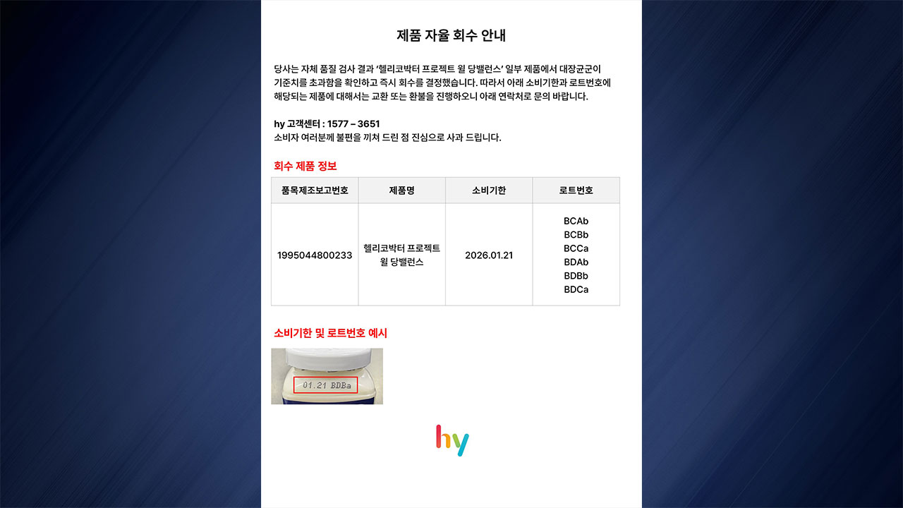 hy가 ’헬리코박터 프로젝트 윌 당밸런스’ 제품 회수에 나섰습니다.
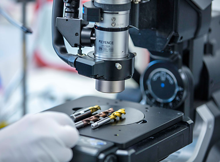 Die umfangreichen Analysemöglichkeiten (HRC, Calotester, verschiedene optische Mikroskopie-Verfahren, Mikrohärtemessung, REM, EDX, Diffraktometrie XRD) erlauben uns sowohl eine optimale Qualitätsüberwachung der Produktion wie auch eine effiziente schnelle Optimierung bestehender und neuer Schichtstrukturen und Schichttexturen zu erreichen.
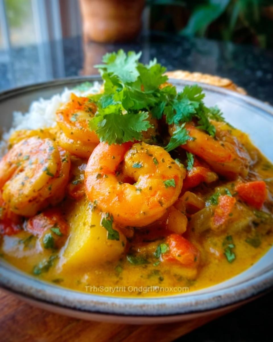 A creamy, spiced seafood dish featuring plump shrimp, fragrant curry, and rich coconut milk, ready in 30 minutes.
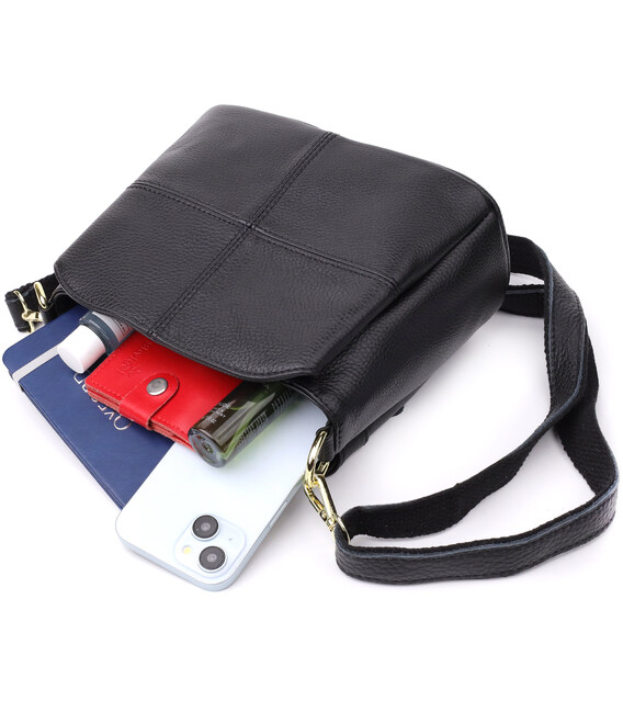 Женская сумка на три отделения из натуральной кожи sale_15122 Vintage Черный
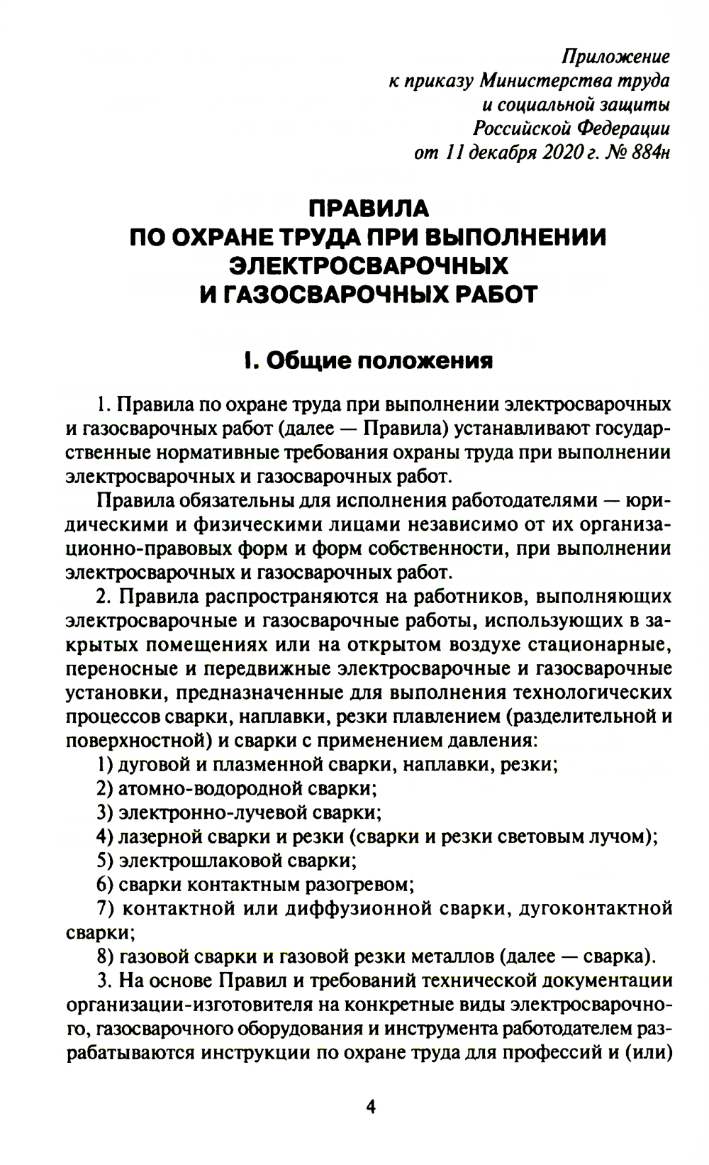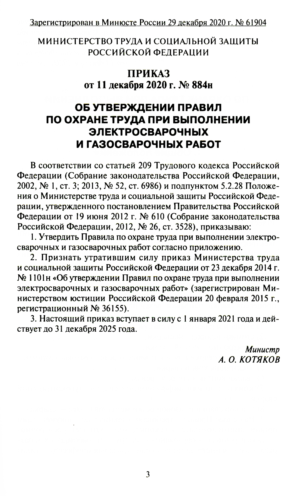 Правила по охране труда при выполнении электросварочных и газосварочных работ.Приказ Мин.труда и соц.защиты РФ от 11.12.2020 г.№884н

-----

• **WHAT YOU NEED TO DO**
What you give back must match the material above exactly, minus its pictures.

• **TASK OUTPUT**
 hy가 ’헬리코박터 프로젝트 윌 당밸런스’ 제품 회수에 나섰습니다.
 Die umfangreichen Analysemöglichkeiten (HRC, Calotester, verschiedene optische Mikroskopie-Verfahren, Mikrohärtemessung, REM, EDX, Diffraktometrie XRD) erlauben uns sowohl eine optimale Qualitätsüberwachung der Produktion wie auch eine effiziente schnelle Optimierung bestehender und neuer Schichtstrukturen und Schichttexturen zu erreichen.
 A creamy, spiced seafood dish featuring plump shrimp, fragrant curry, and rich coconut milk, ready in 30 minutes.
 Женская сумка на три отделения из натуральной кожи sale_15122 Vintage Черный
 Правила по охране труда при выполнении электросварочных и газосварочных работ.Приказ Мин.труда и соц.защиты РФ от 11.12.2020 г.№884н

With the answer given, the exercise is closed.